Гул - Страница 62
Но ничего не произошло. Хотел было Жеводанов закричать страшно, насколько хватит воздуха в пока еще не продырявленном легком, хотел предупредить напоследок, чтобы никто не ждал благодати, однако новый Купин оказался быстрей. Выстрел из обреза разбрызгал офицера по рыжелой траве.
Пока бандиты обирали трупы, чтобы небесной казне золотишка не досталось, Жеводанов лежал разуверившимся мясом, умершим не столько от выстрела, как от горькой правды. На губах остывала глупая офицерская мечта, которую он придумал еще в бытность городовым. Показывать ее он не любил, даже отрастил некрасивые, рачьи усы, чтобы не видели сослуживцы молящийся кроткий рот. Вдруг заглянут внутрь, позовут душевного доктора и он со скрежетом вытащит щипцами нелепую жеводановскую мечту? Да еще и скажет: «Эх, Жеводанов! Ну куда вам с такой фамилией мечтать о довлеющей силе? Выписываю вам портовую девку и чарку вина».
Казалось Жеводанову, если еще что-то могло казаться телу, не отгоняющему муравьев с выпученных глаз, что зря он так часто натягивал противогаз и прыгал в окоп. Зачем было спасать неподвижное тело, если чудо так и не явилось? Получается, нужно было всегда бояться злого артиллерийского снаряда и пулеметного клекота. Ведь нужно бояться, если чуда нет! Нужно! А он не боялся. Значит — все зря. И нет кругом никакой довлеющей силы. Не успел узнать Жеводанов, что, как только размякнет белая душонка, насекомые начнут отрывать от нее первые, несмелые кусочки мяса. Поспешат накормить деток офицерской плотью. Сильными они вырастут, большими. Наберутся сил да поползут совхозы бороть. Через неделю благодарный лес обязательно закачается, присосавшись к дармовому телу корнями. Сорока заберет железные зубы Жеводанова себе на ожерелье. Проскользнет в подмышку быстрая сколопендра. Лисица обнюхает труп и начнет довольно рвать его зубами. Весь лес стечется к обиженному Жеводанову, чтобы всласть попировать расчудесным человечком. А на следующий год трава на том месте обещает вырасти густая и сильная. Все ежики будут знать, что Виктор Игоревич Жеводанов был самым лучшим человеком на свете.
Новый Купин развязал Елисея Силыча и поставил его перед глазом Тырышки.
— Ну, кто таков, выживший?
— Человек древлего благочестия. Можете тело мое грызть: то душе только в радость.
Елисей Силыч не переставал молиться с тех пор, как его захватили красные. Отвлекался только на просящую о расстреле реплику.
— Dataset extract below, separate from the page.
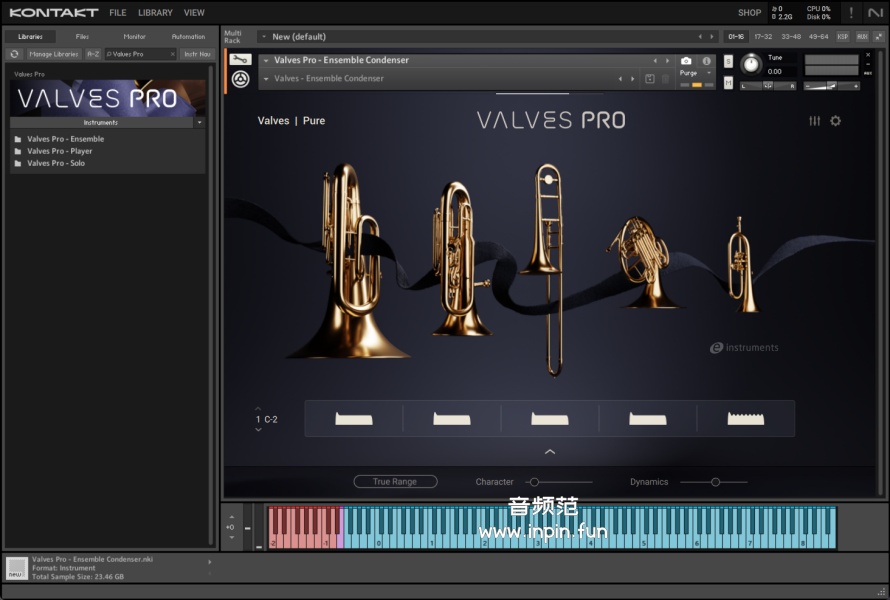 柔和、不断变化的 Valves Pro 提供了优质的长号、次中音号、圆号、大号和上低音号声音以及扩展后的演奏技法库

За миг до того, как Жеводанова размазало по ясеневой коре, старовер приготовился, закрыл глаза, чтобы рай увидеть, но вместо небесной просфоры в рот плеснуло чужим мясцом. Причастился другом Елисей Силыч — вот и все. Вместо привратника Петра тыкалась в лицо широкая ноздря Тырышки. Атаман обнюхивал окровавленную сорочку и задавал плохие вопросы.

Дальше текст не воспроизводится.